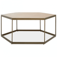 The Terrence Hexagonal Brown Coffee Table features an oak veneer wood top, brushed brass steel frame, and minimalist hexagonal design, offering a contemporary touch with functional steel durability.
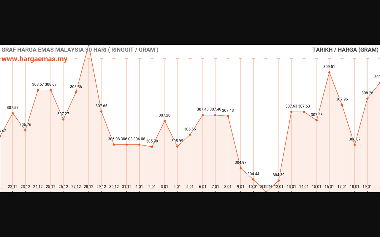Harga emas hari ini RM308.11 per gram naik sebanyak RM1.55 berbanding semalam RM306.56 per gram.
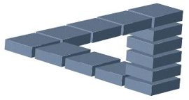 Todas estas figuras e ilustraciones, tienen en común que son imposibles, ya que sus ángulos y estructuras, no corresponden con la forma correcta.

TASK: All lines from the one holding "Harga emas hari" through the last line of the material above should be set down exactly, and the pictures should be left out.

EXPECTED OUTPUT:
Harga emas hari ini RM308.11 per gram naik sebanyak RM1.55 berbanding semalam RM306.56 per gram.
 Todas estas figuras e ilustraciones, tienen en común que son imposibles, ya que sus ángulos y estructuras, no corresponden con la forma correcta.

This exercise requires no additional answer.